Strickland v. North Carolina

Decision Date18 October 2016
Docket NumberNO. 5:16-CT-3104-FL,5:16-CT-3104-FL
CourtU.S. District Court — Eastern District of North Carolina
PartiesRAY CHARLES STRICKLAND, Plaintiff, v. STATE OF NORTH CAROLINA, PAT MCCRORY, and PAUL G. BUTLER, JR., Defendants.
ORDER

Plaintiff, a state inmate, filed this civil rights action pro se pursuant to 42 U.S.C. § 1983. The matter is before the court for frivolity review pursuant to 28 U.S.C. § 1915. Section 1915 provides that courts shall review complaints in which prisoners seek relief from a governmental entity or officer and dismiss such complaints when they are "frivolous." 28 U.S.C. § 1915(e)(2)(B)(i).

A complaint may be found frivolous because of either legal or factual deficiencies. First, a complaint is frivolous where "it lacks an arguable basis . . . in law." Neitzke v. Williams, 490 U.S. 319, 325 (1989). Legally frivolous claims are based on an "indisputably meritless legal theory" and include "claims of infringement of a legal interest which clearly does not exist." Adams v. Rice, 40 F.3d 72, 74 (4th Cir. 1994) (quoting Neitzke, 490 U.S. at 327). Under this standard, complaints may be dismissed for failure to state a claim cognizable in law, although frivolity is a more lenient standard than that for failure to state a claim under Federal Rule of Civil Procedure 12(b)(6). Neitzke, 490 U.S. at 328. Second, a complaint may be frivolous where it "lacks an arguable basis . . . in fact." Id. at 325. Section 1915 permits federal courts "to pierce the veil of the complaint's factual allegations and dismiss those claims whose factual contentions are clearly baseless." See Denton v. Hernandez, 504 U.S. 25, 32 (1992) (citing Neitzke, 490 U.S. at 327).

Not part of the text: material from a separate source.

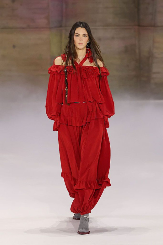 Koleksiyon, Chloé’nin simgesi olan bohem ruh ile maskülen formların birleşmesinden doğuyor. Dik yakalı koyu mavi paltolar, karakteristik balon kollar ve bilekte toplanan pileli pantolonlar başrolde yer alırken; bu yapısal parçalar uçuşan "çayır" (prairie) elbiseleri ve ince çiçek nakışlarıyla dengeleniyor.
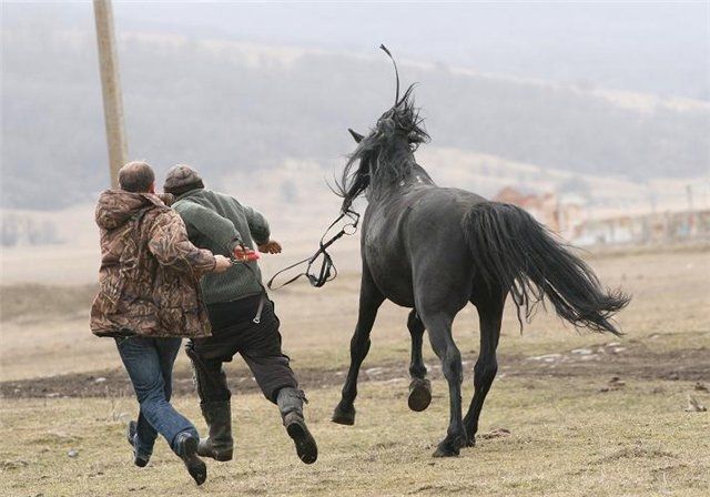 | Dire merci | bon aller maintenant je place des photos qui brisent un peu le mythe... histoire de ne pas croire que tout est tout rose ni de faire croire qu'on le croit (allusion a un autre forum). un (je suppose) debourrage au Caucase (je ne dis pas que c'est une generalite hein ? mais j pense que c'est bien repandu ) Il faut preciser que les chevaux sont souvent completement sauvages car eleves en montagne en troupeaux. ![]() |

Plaintiff brings this § 1983 action against defendants Governor Pat McCrory and North Carolina Parole Commissioner Paul G. Butler. Plaintiff's complaint in its entirety states as follows:

Petitioner was sentenced to life instead of 80-Years for (1) Count of 1st degree murder under N.C. Fair Sentence Act and deprived of routine sentence reductions from gained, good, merit and jail time on record, after serving over 27-years in prison, no pending charges and years without an infraction.

(Compl. (DE 8), p. 5).1 As relief, plaintiff requests that the court issue the following orders: (1) "Terminate life sentence and release petitioner;" (2) "Order Service of N.C. M.A.P.P. Contract Process On Petitioner, Immediately;" (3) "Order Service of Adult Parole Process on Petitioner Immediately." (Id. p. 8).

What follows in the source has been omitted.